D. Logistic regression

E. Ridge regression

C. Lasso regression

E. Ridge regression

Explanation: Lasso regression and ridge regression are both types of linear regression models that can handle high-dimensional and categorical data. They use regularization techniques to reduce the complexity of the model and avoid overfitting. Lasso regression uses L1 regularization, which adds a penalty term proportional to the absolute value of the coefficients to the loss function. This can shrink some coefficients to zero and perform feature selection. Ridge regression uses L2 regularization, which adds a penalty term proportional to the square of the coefficients to the loss function. This can shrink all coefficients towards zero and reduce multicollinearity.

Which of the following algorithms is an example of unsupervised learning?

A. Neural networks

B. Principal components analysis

C. Random forest

D. Ridge regression

B. Principal components analysis

Explanation: Unsupervised learning is a type of machine learning that involves finding patterns or structures in unlabeled data without any predefined outcome or feedback. Unsupervised learning can be used for various tasks, such as clustering, dimensionality reduction, anomaly detection, or association rule mining. Some of the common algorithms for unsupervised learning are:

Principal components analysis: Principal components analysis (PCA) is a method that reduces the dimensionality of data by transforming it into a new set of orthogonal variables (principal components) that capture the maximum amount of variance in the data. PCA can help simplify and visualize high-dimensional data, as well as remove noise or redundancy from the data.
K-means clustering: K-means clustering is a method that partitions data into k groups (clusters) based on their similarity or distance. K-means clustering can help discover natural or hidden groups in the data, as well as identify outliers or anomalies in the data.
Apriori algorithm: Apriori algorithm is a method that finds frequent itemsets (sets of items that occur together frequently) and association rules (rules that describe how items are related or correlated) in transactional data. Apriori algorithm can help discover patterns or insights in the data, such as customer behavior, preferences, or recommendations.

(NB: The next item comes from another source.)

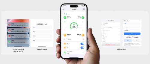 「BLUETTI」のアプリと連携し、Bluetooth経由でライトの操作や電源管理もスマートフォンからコントロール可能。UltraCell
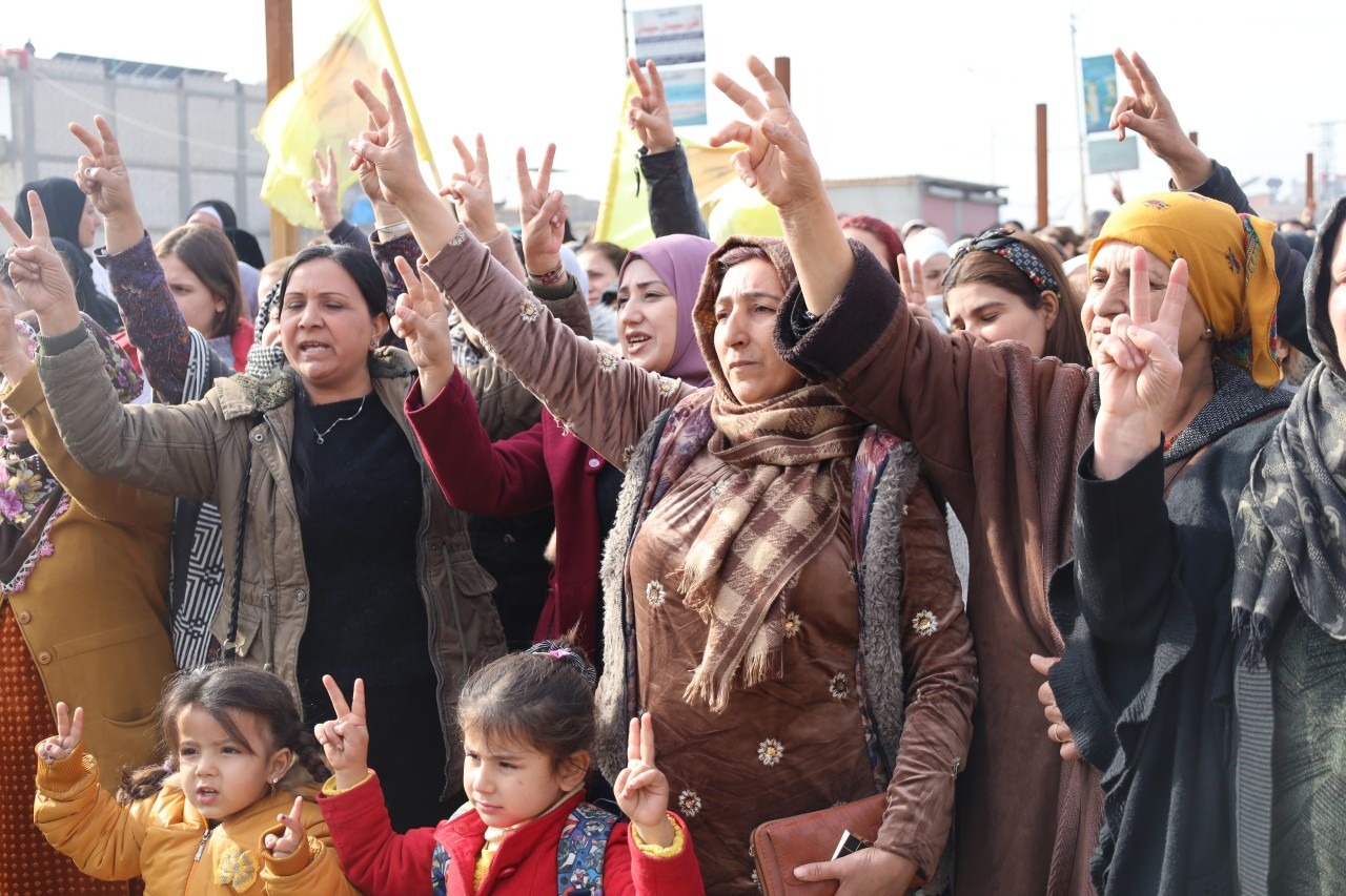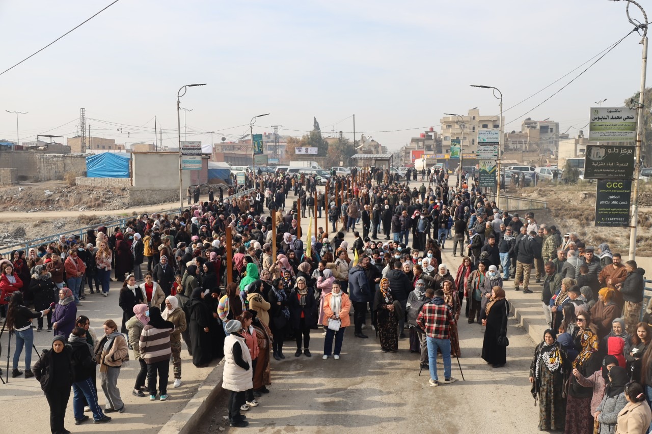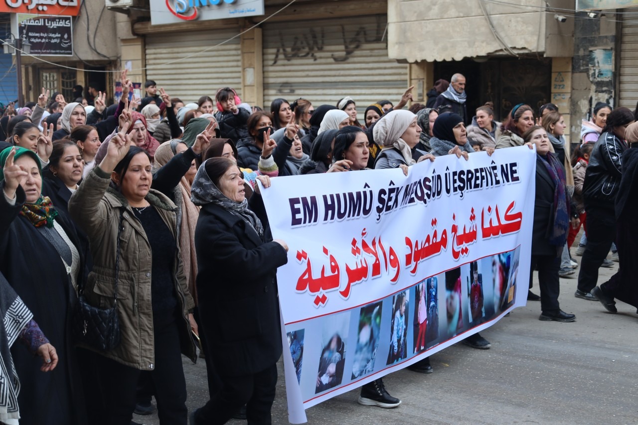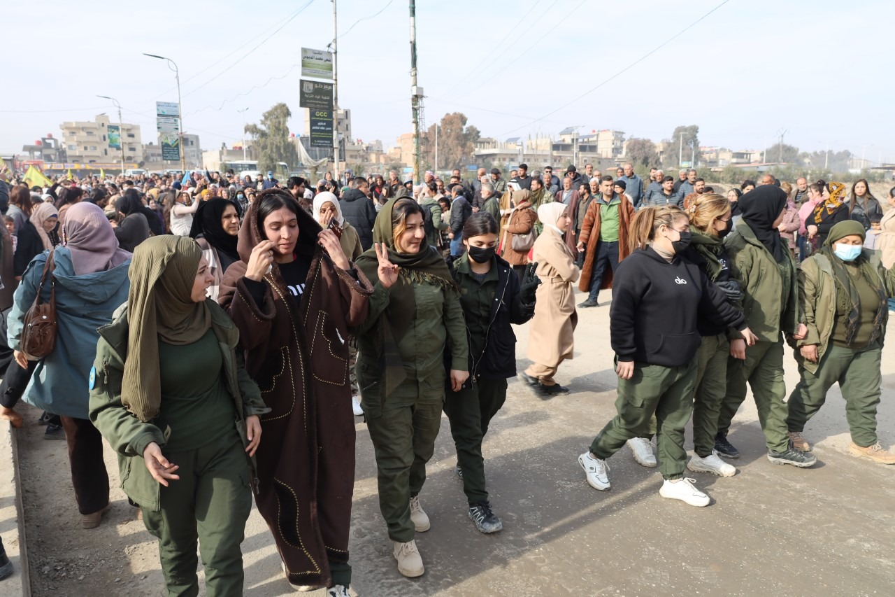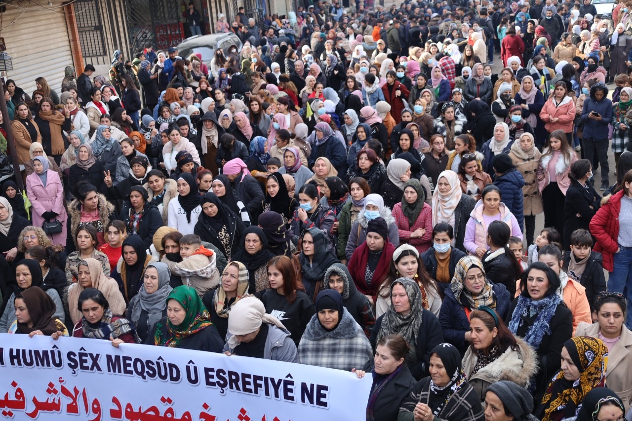 HESEKÊ – Îro, li bajarê Hesekê, bi pêşengiya Meclîsa Efrîn û Meclîsa Hesekê, meşek girseyî li dijî êrîşên li ser Helebê hat lidarxistin. Bi sedan kes beşdarî meşê bûn û peyamên piştgiriyê ji gelê Helebê re şandin.

A market research team has ratings from patients who have a chronic disease, on several functional, physical, emotional, and professional needs that stay unmet with the current therapy. The dataset also captures ratings on how the disease affects their day-to-day activities. A pharmaceutical company is introducing a new therapy to cure the disease and would like to design their marketing campaign such that different groups of patients are targeted with different ads. These groups should ideally consist of patients with similar unmet needs. Which of the following algorithms should the market research team use to obtain these groups of patients?

A. k-means clustering

B. k-nearest neighbors

C. Logistic regression

D. Naive-Bayes

A. k-means clustering

Explanation: k-means clustering is an algorithm that should be used by the market research team to obtain groups of patients with similar unmet needs. k-means clustering is an unsupervised learning technique that partitions the data into k clusters based on the similarity of the features. The algorithm iteratively assigns each data point to the cluster with the nearest centroid and updates the centroid until convergence. k-means clustering can help identify patterns and segments in the data that may not be obvious or intuitive.